Help on regular expression match

[Johnny Lee]

Hi,
I've met a problem in match a regular expression in python. Hope
any of you could help me. Here are the details:

I have many tags like this:
xxx<a href="http://xxx.xxx.xxx" xxx>xxx
xxx<a href="wap://xxx.xxx.xxx" xxx>xxx
xxx<a href="http://xxx.xxx.xxx" xxx>xxx
.....
And I want to find all the "http://xxx.xxx.xxx" out, so I do it
like this:
httpPat = re.compile("(<a )(href=\")(http://.*)(\")")
result = httpPat.findall(data)
I use this to observe my output:
for i in result:
print i[2]
Surprisingly I will get some output like this:
http://xxx.xxx.xxx">xxx</a>xxx
In fact it's filtered from this kind of source:
<a href="http://xxx.xxx.xxx">xxx</a>xxx"
But some result are right, I wonder how can I get the all the
answers clean like "http://xxx.xxx.xxx"? Thanks for your help.


Regards,
Johnny

 

[Fredrik Lundh]

I've met a problem in match a regular expression in python. Hope
any of you could help me. Here are the details:

I have many tags like this:
xxx<a href="http://xxx.xxx.xxx" xxx>xxx
xxx<a href="wap://xxx.xxx.xxx" xxx>xxx
xxx<a href="http://xxx.xxx.xxx" xxx>xxx
.....
And I want to find all the "http://xxx.xxx.xxx" out, so I do it
like this:
httpPat = re.compile("(<a )(href=\")(http://.*)(\")")
result = httpPat.findall(data)
I use this to observe my output:
for i in result:
print i[2]
Surprisingly I will get some output like this:
http://xxx.xxx.xxx">xxx</a>xxx
In fact it's filtered from this kind of source:
<a href="http://xxx.xxx.xxx">xxx</a>xxx"
But some result are right, I wonder how can I get the all the
answers clean like "http://xxx.xxx.xxx"? Thanks for your help.

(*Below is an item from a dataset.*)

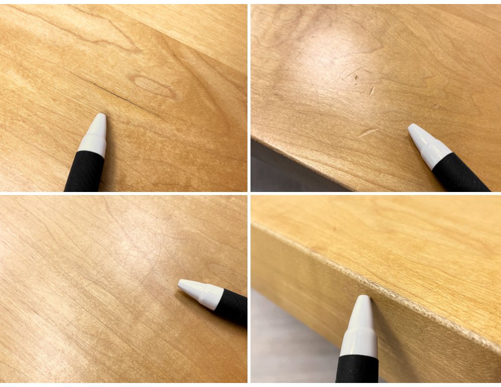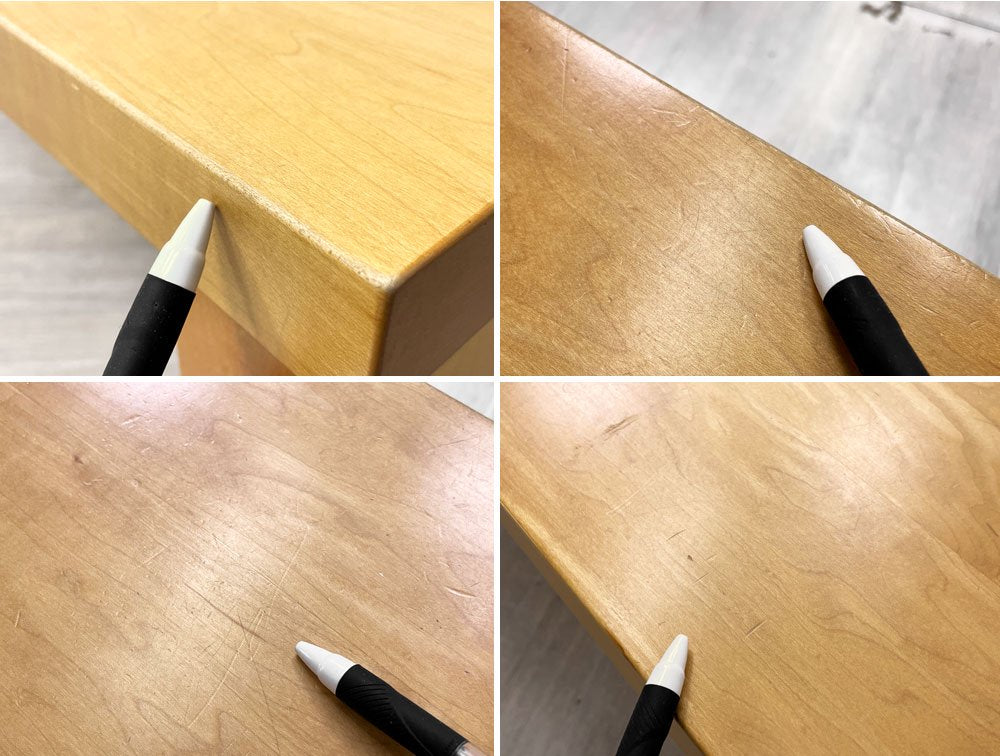 使用に伴う擦れ傷の他、天面には全体的に細かな打痕や線傷などわずかに使用感がございますが、いずれも大きく目立つものではございません。グラつき等ご使用に問題となるダメージは無く、良質な無垢材を用いた風合いを今後ともお楽しみ頂けるUSED品として概ね良好なコンディションを保っております。
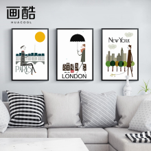城市卡通装饰画北欧客厅挂画创意艺术插画卧室餐厅墙画壁画三联画

".*" gives the longest possible match (you can think of it as searching back-
wards from the right end). if you want to search for "everything until a given
character", searching for "[^x]*x" is often a better choice than ".*x".

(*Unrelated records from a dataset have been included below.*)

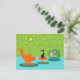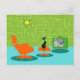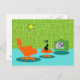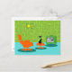 It is said that dogs have owners and cats have staff. The feline on this Retro Space Age Kitty Postcard couldn't agree more! The 1960's style, minimalist art design features a sleek, black cat in a mid century modern living room. The sophisticated room prominently features a green, stone wall. The carpet is aqua with teal shadows. The furnishings of the room include a yellow, sputnik light figure, an orange lounge chair with matching footstool and a green television with rabbit ears. The lucky black cat can be seen perched on the footstool in front of the television. Its favourite show is on! On the television screen, we can see a black and white, classic television family solving all of life's problems in a half hour show. This design is purrrfect, if we do say so ourselves.
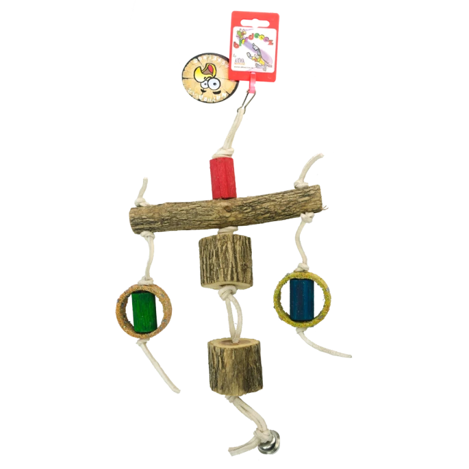 Klim- speeltouw inclusief coral/zandstructuur cilinders! De coral/zandstructuur cilinders dragen bij aan het onderhoud van de pootjes en snavel van uw vogel. Dit speeltje bevat Sekelbos (hout), cilinders met coral/zandstructuur, T-Pillar lederen touw en een leuke bel aan de onderzijde voor extra speelplezier. Het speeltje is makkelijk te bevestigen d.m.v. het karabijnhaakje.
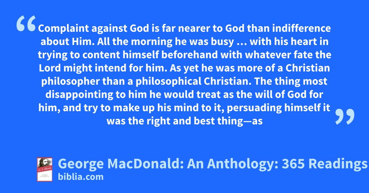 Complaint against God is far nearer to God than indifference about Him. All the morning he was busy … with his heart in trying to content himself beforehand with whatever fate the Lord might intend for him. As yet he was more of a Christian philosopher than a philosophical Christian. The thing most disappointing to him he would treat as the will of God for him, and try to make up his mind to it, persuading himself it was the right and best thing—as
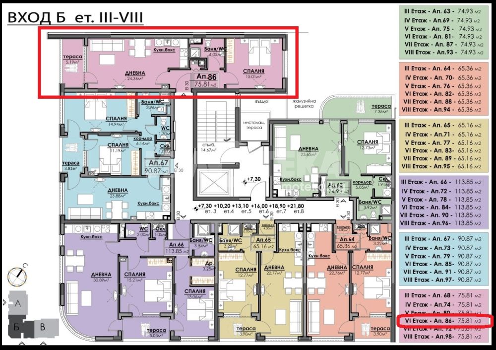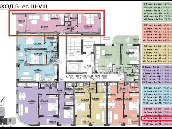 Двустаен апартамент с площ 75,81 кв. м., етаж 6 от 10, асансьор.

in this case, I suggest using something like

print re.findall("href=\"([^\"]+)\"", text)

or, if you're going to parse HTML pages from many different sources, a
real parser:

from HTMLParser import HTMLParser

class MyHTMLParser(HTMLParser):

def handle_starttag(self, tag, attrs):
if tag == "a":
for key, value in attrs:
if key == "href":
print value

p = MyHTMLParser()
p.feed(text)
p.close()

see:

http://docs.python.org/lib/module-HTMLParser.html
http://docs.python.org/lib/htmlparser-example.html
http://www.rexx.com/~dkuhlman/quixote_htmlscraping.html

</F>

 

[Johnny Lee]

".*" gives the longest possible match (you can think of it as searching back-
wards from the right end). if you want to search for "everything until a given
character", searching for "[^x]*x" is often a better choice than ".*x".

in this case, I suggest using something like

print re.findall("href=\"([^\"]+)\"", text)

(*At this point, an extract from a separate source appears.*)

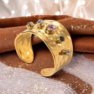 Looking for a statement piece that blends bold elegance with modern charm? This 18K gold plated stainless steel open adjustable ring is a must-have! Featuring a stunning hammered texture and adorned with sparkling cubic zirconia in vibrant colors, this piece is perfect for those who love eye-catching jewelry.

or, if you're going to parse HTML pages from many different sources, a
real parser:

from HTMLParser import HTMLParser

class MyHTMLParser(HTMLParser):

def handle_starttag(self, tag, attrs):
if tag == "a":
for key, value in attrs:
if key == "href":
print value

p = MyHTMLParser()
p.feed(text)
p.close()

see:

http://docs.python.org/lib/module-HTMLParser.html
http://docs.python.org/lib/htmlparser-example.html
http://www.rexx.com/~dkuhlman/quixote_htmlscraping.html

</F>

Thanks for your help.
I found another solution by just simply adding a '?' after ".*" which
makes the it searching for the minimal length to match the regular
expression.
To the HTMLParser, there is another problem (take my code for example):

import urllib
import formatter
parser = htmllib.HTMLParser(formatter.NullFormatter())
parser.feed(urllib.urlopen(baseUrl).read())
parser.close()
for url in parser.anchorlist:
if url[0:7] == "http://":
print url

when the baseUrl="http://www.nba.com", there will raise an
HTMLParseError because of a line of code "<! Copyright IBM Corporation,
2001, 2002 !>". I found that this line of code is inside <script> tags,
maybe it's because of this?

 

[John J. Lee]

or, if you're going to parse HTML pages from many different sources, a
real parser:

from HTMLParser import HTMLParser

class MyHTMLParser(HTMLParser):

def handle_starttag(self, tag, attrs):
if tag == "a":
for key, value in attrs:
if key == "href":
print value

p = MyHTMLParser()
p.feed(text)
p.close()

see:

http://docs.python.org/lib/module-HTMLParser.html
http://docs.python.org/lib/htmlparser-example.html
http://www.rexx.com/~dkuhlman/quixote_htmlscraping.html

It's worth noting that module HTMLParser is less tolerant of the bad
HTML you find in the real world than is module sgmllib, which has a
similar interface. There are also third party libraries like
BeautifulSoup and mxTidy that you may find useful for parsing "HTML as
deployed" (ie. bad HTML, often).

Also, htmllib is an extension to sgmllib, and will do your link
parsing with even less effort:

import htmllib, formatter, urllib2
pp = htmllib.HTMLParser(formatter.NullFormatter())
pp.feed(urllib2.urlopen("http://python.org/").read())
print pp.anchorlist


Module HTMLParser does have better support for XHTML, though.


John

 

[John J. Lee]

Fredrik Lundh wrote: [...]
To the HTMLParser, there is another problem (take my code for example):

import urllib
import formatter
parser = htmllib.HTMLParser(formatter.NullFormatter())
parser.feed(urllib.urlopen(baseUrl).read())
parser.close()
for url in parser.anchorlist:
if url[0:7] == "http://":
print url

when the baseUrl="http://www.nba.com", there will raise an
HTMLParseError because of a line of code "<! Copyright IBM Corporation,
2001, 2002 !>". I found that this line of code is inside <script> tags,
maybe it's because of this?

No, i's because they're using a broken HTML comment (should be
"<!--comment-->"). BeautifulSoup is more tolerant:

import urllib2
from BeautifulSoup import BeautifulSoup
bs = BeautifulSoup(urllib2.urlopen('http://www.nba.com/').read())
for el in bs.fetch('a'):
print el['href']


Or you could pre-process the HTML using mxTidy, and carry on using
module htmllib.

Hmm, are you the same Johnny Lee who contributed the MSIE cookie
support to LWP?


John